What is being asked: Reproduce each line below precisely. Drop the pictures.

┌─ Supplied information

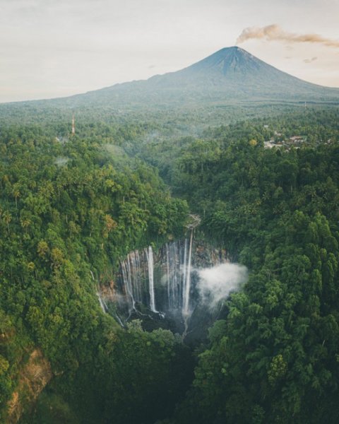 Nhìn vào những tấm hình, bạn sẽ thấy phía sau Tumpak Sewu có một ngọn núi đứng kiêu hãnh và đối xứng. Đó chính là Semura, một ngọn núi lửa vẫn đang hoạt động và hầu như phun trào liên tục. Điều này càng củng cố thêm vẻ đẹp hùng vĩ và tráng lệ của thác nước.
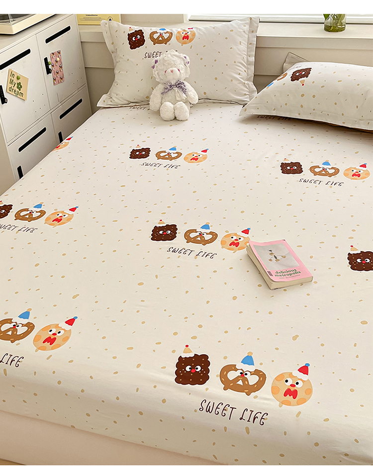 A类母婴级卡通花卉儿童纯棉全棉床单纯棉全棉床笠全棉纯棉床单全棉纯棉床笠三件套 波点曲奇
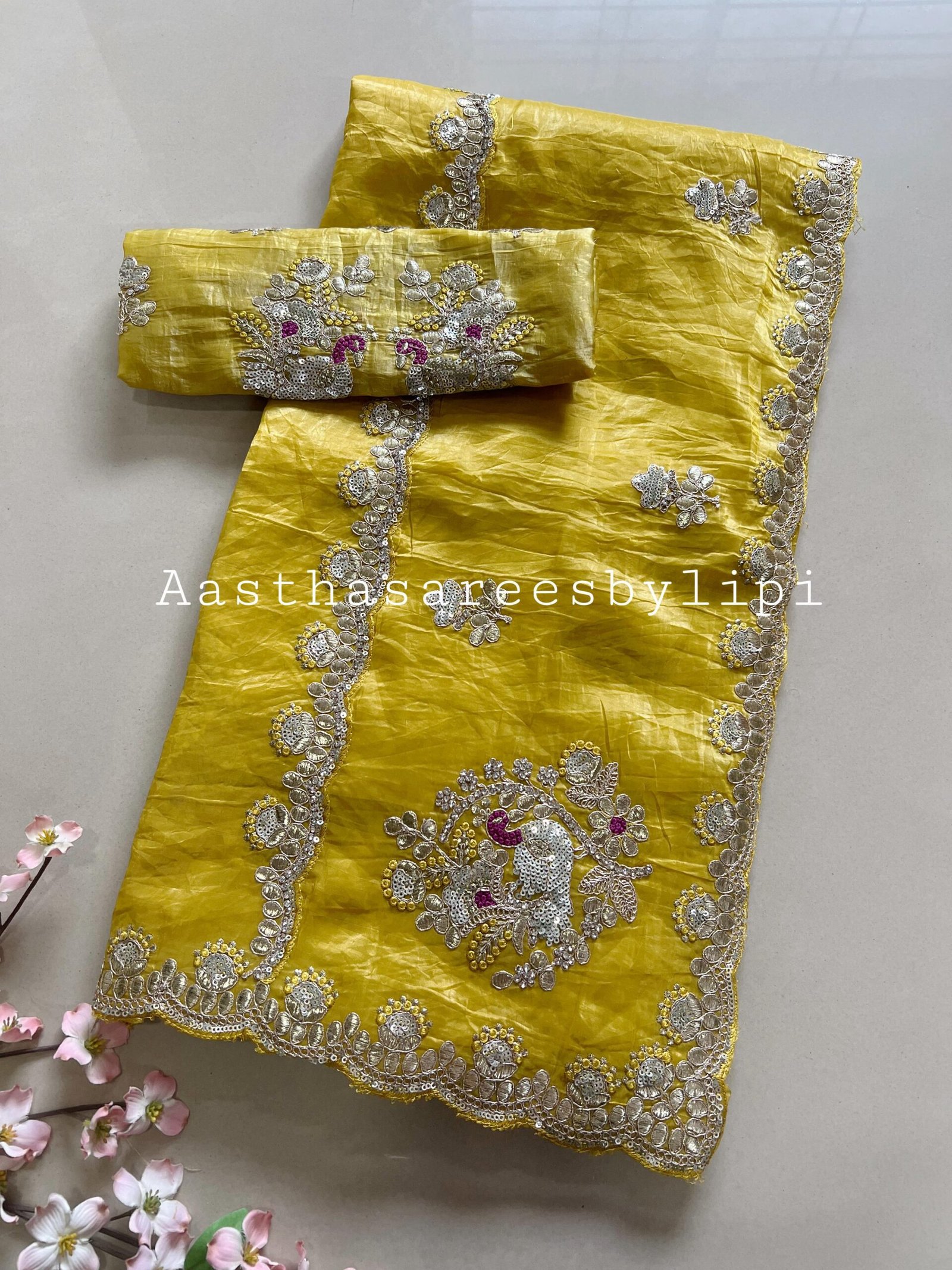 Details: Soft crush organza fabric Sequins thread work butta border Exclusive pallu Heavy blouse
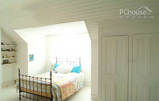编辑点评:纯白的卧室,营造着梦幻般纯净温馨的气氛。阳光透过窗户静静的倾洒如室内,整个空间沐浴在阳光下,温暖恬静。墙面上托架上的摆设物、装饰品,有为空间带来了家的温馨与个性。

└─

Written solution:
 Nhìn vào những tấm hình, bạn sẽ thấy phía sau Tumpak Sewu có một ngọn núi đứng kiêu hãnh và đối xứng. Đó chính là Semura, một ngọn núi lửa vẫn đang hoạt động và hầu như phun trào liên tục. Điều này càng củng cố thêm vẻ đẹp hùng vĩ và tráng lệ của thác nước.
 A类母婴级卡通花卉儿童纯棉全棉床单纯棉全棉床笠全棉纯棉床单全棉纯棉床笠三件套 波点曲奇
 Details: Soft crush organza fabric Sequins thread work butta border Exclusive pallu Heavy blouse
编辑点评:纯白的卧室,营造着梦幻般纯净温馨的气氛。阳光透过窗户静静的倾洒如室内,整个空间沐浴在阳光下,温暖恬静。墙面上托架上的摆设物、装饰品,有为空间带来了家的温馨与个性。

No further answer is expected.